Она появилась из двери в каменном заборе - уже переодетая в гражданское, в старенькой цигейковой шубке. Обычная одежда, обычное лицо. Встретишь на улице - разве скажешь, что работает в тюрьме?

- А этот-то, твой-то - как его, Давлетшин, что ли? - заговорила она, взяв Носова под руку. - Такой, знаешь, радостный в камеру пошел, даже насвистывать чего-то стал. Я ему говорю: "А ну прекратить!" Он обернулся: "Все равно ты мне, - шипит, - настроение сегодня не испортишь". Я хотела на него рапорт писать, за пререкания, а теперь думаю: как ты скажешь. Ну, писать или нет?

- Не стоит, пожалуй. Он ведь зря радуется. И не знает еще, что зря. Так что не трогай - ему предстоит еще всплакнуть.

- Ну, ладно. А то посидел бы у меня в карцере…

Носов подсчитал мысленно оставшиеся деньги: пятнадцать рублей с мелочью. Должно хватить…

Кафе, куда они зашли, только открылось после перерыва и было пусто. "Что мы будем пить? - сверкнули глаза у выводной. - Миша, давай шампанского! Сегодня правда хороший день. Фенька даже не ворчала, когда я сказала, что мне надо идти. Она вообще вредная баба, а тут… Ей какое-то пособие на детей выписали, вот она радостная и ходит".

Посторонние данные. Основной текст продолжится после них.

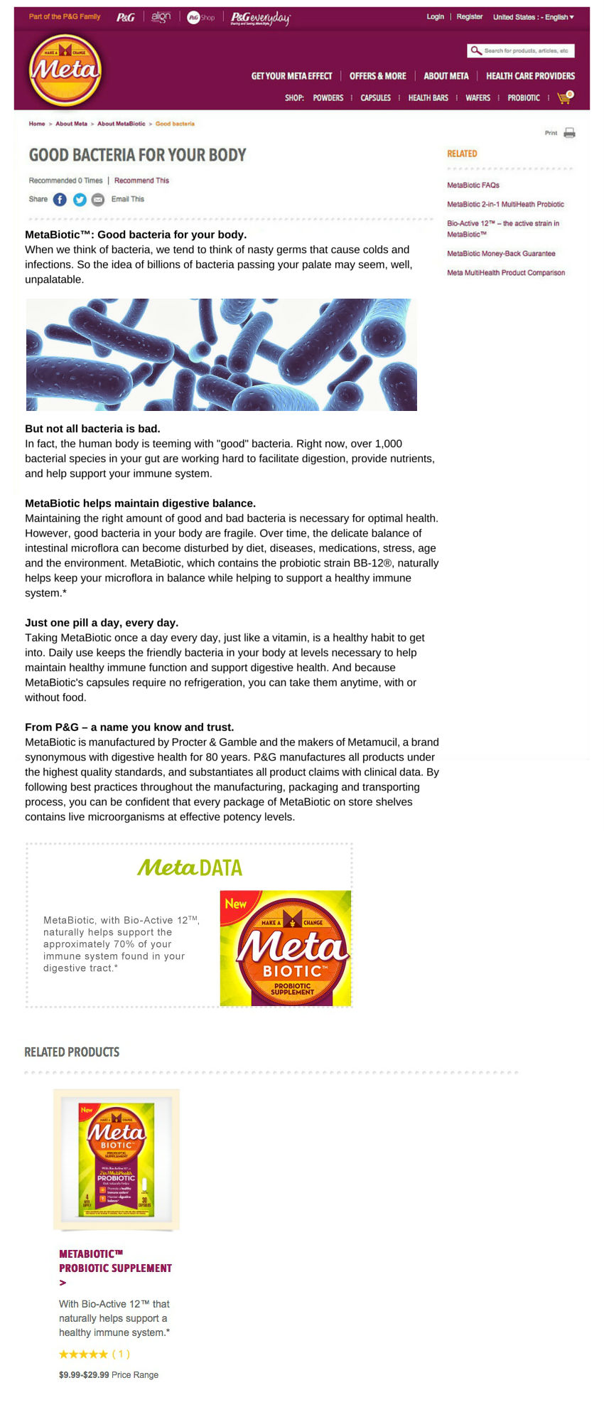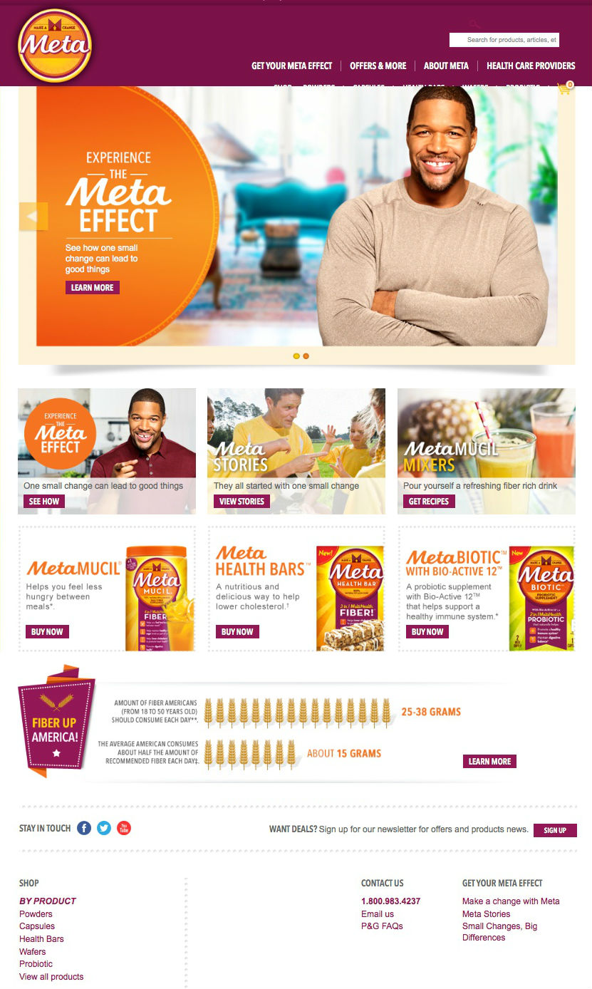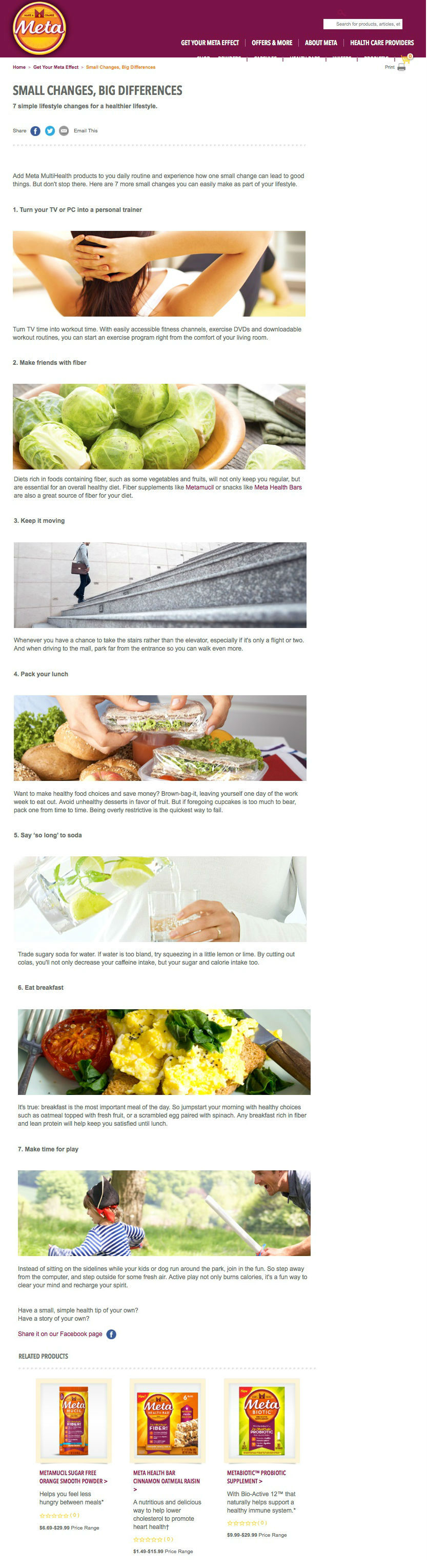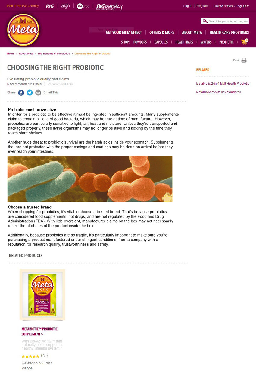 Spearheaded website content creation and copywriting for Meta – a new line of health and wellness products from Procter & Gamble. Worked with UX to identify relevant content and map out site structure and navigation. Established brand voice, wrote dozens of product descriptions and authored educational articles on digestive health.

Официантка тащила бутылку, тарелки с салатом. "Гляди, какое у нее хитрое лицо, - заметил Михаил, когда она ушла. - Непременно должна нас обдурить". - "Пускай попробует. Я с ними строго. Меня не обведут. В случае чего - предъявим удостоверения. Они знаешь, как этого боятся!" - "Я не люблю по неслужебным поводам махать удостоверением". - "Ничего, пускай видят, что мы оба из органов, с нами жульничать нельзя". Носов хотел спросить: а с другими что, можно? - но не стал: обидится, зафыркает еще… Так она ничего, крепенькая, круглая, папа, старый волк из лагерной администрации, может гордиться дочерью. Не замужем - ну так и что за беда, какие ее годы! Придет время, явится и в ее жизни какой-нибудь бравый контролер из демобилизованных молодых солдат, и возникнет еще одна семья, где оба - из органов.

20

Они выкатились из кафе в десятом часу - на улицу, под капель - нетвердо ступающие, нетвердо соображающие.

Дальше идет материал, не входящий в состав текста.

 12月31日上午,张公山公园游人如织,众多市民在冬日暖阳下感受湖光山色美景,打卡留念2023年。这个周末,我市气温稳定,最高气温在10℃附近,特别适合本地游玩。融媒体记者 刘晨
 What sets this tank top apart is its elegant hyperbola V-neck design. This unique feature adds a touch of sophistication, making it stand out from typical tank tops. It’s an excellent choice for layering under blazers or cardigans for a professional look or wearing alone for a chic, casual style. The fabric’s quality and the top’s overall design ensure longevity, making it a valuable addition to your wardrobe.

- Куда мы теперь? - спрашивала выводная, зябко вздрагивая.

- К тебе… к тебе…

- Нет, что ты! Ко мне нельзя, просто никак… я же у тетки живу, с ума ты сошел?

Он бросился наперерез такси с зеленым огоньком. Назвал адрес райотдела. "Куда ты?" - трепыхнулась Надя. "Сид-ди-и!.".

Возле входа Носов велел остановиться и ждать его. Преувеличенно прямо, перед удивленным взглядом Васи Меркушева он прошел мимо дежурки, поднялся к себе, отпер сейф и достал ключи давлетшинской квартиры, изъятые у того при личном обыске. Обвиняемый жил один в отдельной квартире. Нор-рмальный ход!

- Извините… вот мы сейчас в милиции были… вы там работаете, да? - спросил вдруг таксист, когда мчались по городу. - Кем, если не секрет?

- Что, есть знакомые? - нехотя откликнулся Носов.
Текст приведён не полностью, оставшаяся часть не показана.